What are documents and texts?

Kieron Niven, Archaeology Data Service / Digital Antiquity, Guides to Good Practice

Simply put, the majority of text documents are digital analogues of traditional publications and can therefore range in size and complexity from fairly simple reports and short papers through to substantial documents such as theses or books. These files consist predominantly of structured text (sentences, paragraphs, pages, chapters) but often include other elements such as images, figures and tabular data.

Digital texts can be produced in a variety of ways though most are largely created from scratch in word processing packages such as Microsoft Word and OpenOffice. In terms of actual formats, files produced by word processing packages have in the past been predominantly stored in proprietary binary file formats although more recent packages such as Microsoft Word 2007 and OpenOffice have highlighted a distinct move towards human readable xml-based formats and standards such as .docx (part of the Office Open XML[1] format) and .odt (part of the OpenDocument [2] format). In addition to the formats in which documents are originally created, many text documents in their final versions may be stored and disseminated in a common interchange format, most notably Adobe’s Portable Document Format [3] (PDF), which allows the format and structure of a document to remain consistent across a variety of platforms while also removing much of the editing possibilities.

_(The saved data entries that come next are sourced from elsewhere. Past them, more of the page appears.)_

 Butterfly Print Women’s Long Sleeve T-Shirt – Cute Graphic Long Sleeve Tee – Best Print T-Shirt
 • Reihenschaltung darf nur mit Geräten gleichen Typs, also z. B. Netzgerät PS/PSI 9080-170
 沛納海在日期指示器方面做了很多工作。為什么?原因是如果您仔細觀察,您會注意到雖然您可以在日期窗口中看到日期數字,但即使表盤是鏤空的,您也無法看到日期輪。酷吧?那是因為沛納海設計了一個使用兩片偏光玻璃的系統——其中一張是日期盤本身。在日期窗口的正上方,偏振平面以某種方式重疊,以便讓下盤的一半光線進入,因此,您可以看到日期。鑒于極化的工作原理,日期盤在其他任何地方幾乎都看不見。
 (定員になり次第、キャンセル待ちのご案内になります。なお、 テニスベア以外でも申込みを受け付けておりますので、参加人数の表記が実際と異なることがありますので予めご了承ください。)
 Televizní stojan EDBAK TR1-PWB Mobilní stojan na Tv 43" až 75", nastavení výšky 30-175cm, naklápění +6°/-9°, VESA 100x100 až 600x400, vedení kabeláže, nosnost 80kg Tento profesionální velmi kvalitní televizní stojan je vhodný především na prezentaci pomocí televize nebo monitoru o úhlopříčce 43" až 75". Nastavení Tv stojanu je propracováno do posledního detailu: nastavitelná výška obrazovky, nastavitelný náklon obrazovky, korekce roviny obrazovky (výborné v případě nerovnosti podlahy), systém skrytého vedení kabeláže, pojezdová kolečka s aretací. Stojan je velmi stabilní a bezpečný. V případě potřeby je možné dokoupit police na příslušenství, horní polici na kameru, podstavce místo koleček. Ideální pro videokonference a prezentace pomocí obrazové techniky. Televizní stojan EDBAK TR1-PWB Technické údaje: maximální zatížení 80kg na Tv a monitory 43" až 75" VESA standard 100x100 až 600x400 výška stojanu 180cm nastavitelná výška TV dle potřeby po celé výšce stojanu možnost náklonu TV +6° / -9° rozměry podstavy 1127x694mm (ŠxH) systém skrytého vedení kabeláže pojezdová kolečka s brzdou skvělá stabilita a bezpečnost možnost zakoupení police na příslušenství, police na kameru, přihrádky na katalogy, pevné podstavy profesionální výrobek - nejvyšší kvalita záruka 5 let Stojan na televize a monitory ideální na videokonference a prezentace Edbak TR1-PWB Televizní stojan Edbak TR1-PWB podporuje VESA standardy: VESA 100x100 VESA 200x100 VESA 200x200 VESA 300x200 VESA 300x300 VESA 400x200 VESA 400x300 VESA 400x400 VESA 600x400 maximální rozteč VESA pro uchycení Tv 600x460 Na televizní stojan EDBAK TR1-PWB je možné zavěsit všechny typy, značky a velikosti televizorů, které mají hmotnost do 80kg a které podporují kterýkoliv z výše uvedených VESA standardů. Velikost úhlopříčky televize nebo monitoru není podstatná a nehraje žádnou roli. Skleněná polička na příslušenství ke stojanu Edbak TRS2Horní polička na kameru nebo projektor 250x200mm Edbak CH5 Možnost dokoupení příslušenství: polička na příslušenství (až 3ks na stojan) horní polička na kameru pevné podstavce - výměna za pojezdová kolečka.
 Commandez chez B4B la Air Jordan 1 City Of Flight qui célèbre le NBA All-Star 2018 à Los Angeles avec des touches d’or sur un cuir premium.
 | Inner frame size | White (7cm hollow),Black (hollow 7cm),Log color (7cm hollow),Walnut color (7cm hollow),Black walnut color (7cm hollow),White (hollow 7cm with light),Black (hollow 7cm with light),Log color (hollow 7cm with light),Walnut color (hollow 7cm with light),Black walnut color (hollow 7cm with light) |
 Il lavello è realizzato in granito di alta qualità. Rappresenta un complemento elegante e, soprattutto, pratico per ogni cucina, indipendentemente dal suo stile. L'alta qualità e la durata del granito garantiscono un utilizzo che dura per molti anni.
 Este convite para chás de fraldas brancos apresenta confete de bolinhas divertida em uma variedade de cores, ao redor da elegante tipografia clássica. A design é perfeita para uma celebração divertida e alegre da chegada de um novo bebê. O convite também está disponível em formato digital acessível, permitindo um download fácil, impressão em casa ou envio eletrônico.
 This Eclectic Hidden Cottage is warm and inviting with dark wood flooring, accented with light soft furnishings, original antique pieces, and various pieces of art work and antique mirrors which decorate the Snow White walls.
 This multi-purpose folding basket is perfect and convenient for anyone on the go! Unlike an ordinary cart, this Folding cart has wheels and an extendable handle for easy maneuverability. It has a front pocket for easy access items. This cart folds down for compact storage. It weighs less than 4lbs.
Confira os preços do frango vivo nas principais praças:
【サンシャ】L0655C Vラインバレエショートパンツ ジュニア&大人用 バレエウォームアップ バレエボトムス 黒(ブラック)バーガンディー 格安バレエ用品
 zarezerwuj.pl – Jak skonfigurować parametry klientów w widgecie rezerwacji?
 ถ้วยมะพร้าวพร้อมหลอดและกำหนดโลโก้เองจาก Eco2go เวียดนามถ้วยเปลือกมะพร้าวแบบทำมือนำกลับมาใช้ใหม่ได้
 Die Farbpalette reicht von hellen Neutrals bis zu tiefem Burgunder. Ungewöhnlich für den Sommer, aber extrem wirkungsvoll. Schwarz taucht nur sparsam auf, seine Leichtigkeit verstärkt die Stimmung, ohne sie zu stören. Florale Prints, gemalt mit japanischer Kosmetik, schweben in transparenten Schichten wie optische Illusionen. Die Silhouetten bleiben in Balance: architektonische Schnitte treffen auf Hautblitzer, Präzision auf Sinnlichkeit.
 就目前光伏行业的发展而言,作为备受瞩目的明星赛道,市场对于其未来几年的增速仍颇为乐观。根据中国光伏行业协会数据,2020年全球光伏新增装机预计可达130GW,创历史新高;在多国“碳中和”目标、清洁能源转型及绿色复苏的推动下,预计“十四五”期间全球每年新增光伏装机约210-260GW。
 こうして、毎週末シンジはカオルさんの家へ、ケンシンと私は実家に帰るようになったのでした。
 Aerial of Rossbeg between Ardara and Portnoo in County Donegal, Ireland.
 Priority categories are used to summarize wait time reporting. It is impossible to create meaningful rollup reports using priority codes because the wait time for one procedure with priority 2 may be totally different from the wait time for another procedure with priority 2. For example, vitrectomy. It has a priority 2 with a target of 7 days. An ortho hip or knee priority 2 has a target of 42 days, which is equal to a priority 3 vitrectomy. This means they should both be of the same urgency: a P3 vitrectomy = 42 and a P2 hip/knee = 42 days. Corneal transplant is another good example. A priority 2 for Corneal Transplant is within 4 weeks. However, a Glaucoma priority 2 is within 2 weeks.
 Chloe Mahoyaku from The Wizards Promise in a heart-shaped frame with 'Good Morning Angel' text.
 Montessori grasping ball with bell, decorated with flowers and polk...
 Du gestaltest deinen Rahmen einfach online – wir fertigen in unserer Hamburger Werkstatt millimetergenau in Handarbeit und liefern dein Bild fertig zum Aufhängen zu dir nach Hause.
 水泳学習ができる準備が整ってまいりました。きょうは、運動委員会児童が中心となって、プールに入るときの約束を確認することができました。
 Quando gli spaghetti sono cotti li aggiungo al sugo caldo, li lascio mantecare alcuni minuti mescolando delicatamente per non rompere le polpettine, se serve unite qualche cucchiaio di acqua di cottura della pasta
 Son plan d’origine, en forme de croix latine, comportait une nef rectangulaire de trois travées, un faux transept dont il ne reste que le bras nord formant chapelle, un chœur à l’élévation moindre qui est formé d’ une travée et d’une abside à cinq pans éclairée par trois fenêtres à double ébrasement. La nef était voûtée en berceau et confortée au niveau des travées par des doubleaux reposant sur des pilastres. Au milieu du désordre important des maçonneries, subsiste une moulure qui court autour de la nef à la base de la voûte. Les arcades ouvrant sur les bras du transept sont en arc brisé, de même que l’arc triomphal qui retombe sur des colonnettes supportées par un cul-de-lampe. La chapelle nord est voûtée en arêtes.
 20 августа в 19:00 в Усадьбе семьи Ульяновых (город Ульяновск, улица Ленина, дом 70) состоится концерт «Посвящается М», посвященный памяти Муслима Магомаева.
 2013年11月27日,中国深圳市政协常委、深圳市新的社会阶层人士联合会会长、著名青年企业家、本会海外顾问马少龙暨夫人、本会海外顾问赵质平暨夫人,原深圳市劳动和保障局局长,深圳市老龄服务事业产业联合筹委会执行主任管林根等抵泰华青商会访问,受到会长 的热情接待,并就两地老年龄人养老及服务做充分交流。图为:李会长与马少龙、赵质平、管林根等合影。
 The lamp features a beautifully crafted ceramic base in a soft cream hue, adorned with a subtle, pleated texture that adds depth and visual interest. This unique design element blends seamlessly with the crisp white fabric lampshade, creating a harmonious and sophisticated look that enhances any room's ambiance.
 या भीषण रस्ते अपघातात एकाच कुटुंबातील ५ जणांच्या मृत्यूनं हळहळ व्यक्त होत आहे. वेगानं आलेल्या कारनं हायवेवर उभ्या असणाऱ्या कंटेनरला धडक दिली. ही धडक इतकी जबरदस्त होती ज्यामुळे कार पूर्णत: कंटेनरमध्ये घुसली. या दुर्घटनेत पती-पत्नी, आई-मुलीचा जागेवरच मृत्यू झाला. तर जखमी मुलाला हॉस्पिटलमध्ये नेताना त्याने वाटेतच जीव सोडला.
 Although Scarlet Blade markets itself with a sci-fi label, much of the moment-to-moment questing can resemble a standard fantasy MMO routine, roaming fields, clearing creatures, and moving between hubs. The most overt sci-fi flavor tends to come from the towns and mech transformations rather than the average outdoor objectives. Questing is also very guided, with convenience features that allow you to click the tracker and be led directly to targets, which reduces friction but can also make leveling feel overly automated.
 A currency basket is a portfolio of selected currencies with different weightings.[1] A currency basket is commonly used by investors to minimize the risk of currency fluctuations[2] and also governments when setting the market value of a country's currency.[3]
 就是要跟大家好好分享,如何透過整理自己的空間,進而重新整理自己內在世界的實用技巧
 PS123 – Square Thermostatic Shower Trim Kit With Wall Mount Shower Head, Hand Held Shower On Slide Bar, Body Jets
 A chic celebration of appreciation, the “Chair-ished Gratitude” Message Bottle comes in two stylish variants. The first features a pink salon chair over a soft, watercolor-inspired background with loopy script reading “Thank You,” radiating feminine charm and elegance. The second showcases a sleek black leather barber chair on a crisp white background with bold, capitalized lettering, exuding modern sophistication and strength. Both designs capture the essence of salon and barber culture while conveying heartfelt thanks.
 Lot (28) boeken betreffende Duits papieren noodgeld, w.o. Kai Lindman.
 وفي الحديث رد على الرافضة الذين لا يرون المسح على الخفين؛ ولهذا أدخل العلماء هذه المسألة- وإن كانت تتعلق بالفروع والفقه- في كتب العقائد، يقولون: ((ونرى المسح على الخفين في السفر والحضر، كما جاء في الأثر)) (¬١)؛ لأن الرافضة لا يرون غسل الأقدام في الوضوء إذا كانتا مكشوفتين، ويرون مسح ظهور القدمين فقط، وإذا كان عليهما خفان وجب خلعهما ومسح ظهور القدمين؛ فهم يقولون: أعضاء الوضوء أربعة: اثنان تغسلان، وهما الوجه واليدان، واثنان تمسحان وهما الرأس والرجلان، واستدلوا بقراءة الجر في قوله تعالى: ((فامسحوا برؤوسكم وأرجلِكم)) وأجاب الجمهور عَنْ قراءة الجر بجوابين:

In addition to documents created within word processing software, a significant proportion of text documents can be created as the result of a digitisation process. Journal digitisation, usually for the preservation or dissemination of pre-digital collections, is often the largest source of digital texts created outside of a word processor. This process generally starts with a digitised image of the hard copy page which is then processed using optical character recognition (OCR) in order to transform the image into ‘real’ (i.e. editable, searchable, etc.) text. The final text, which may also include images and figures, is predominantly stored using the PDF file format though an xml-based format may also be used, especially where dynamic online dissemination is required.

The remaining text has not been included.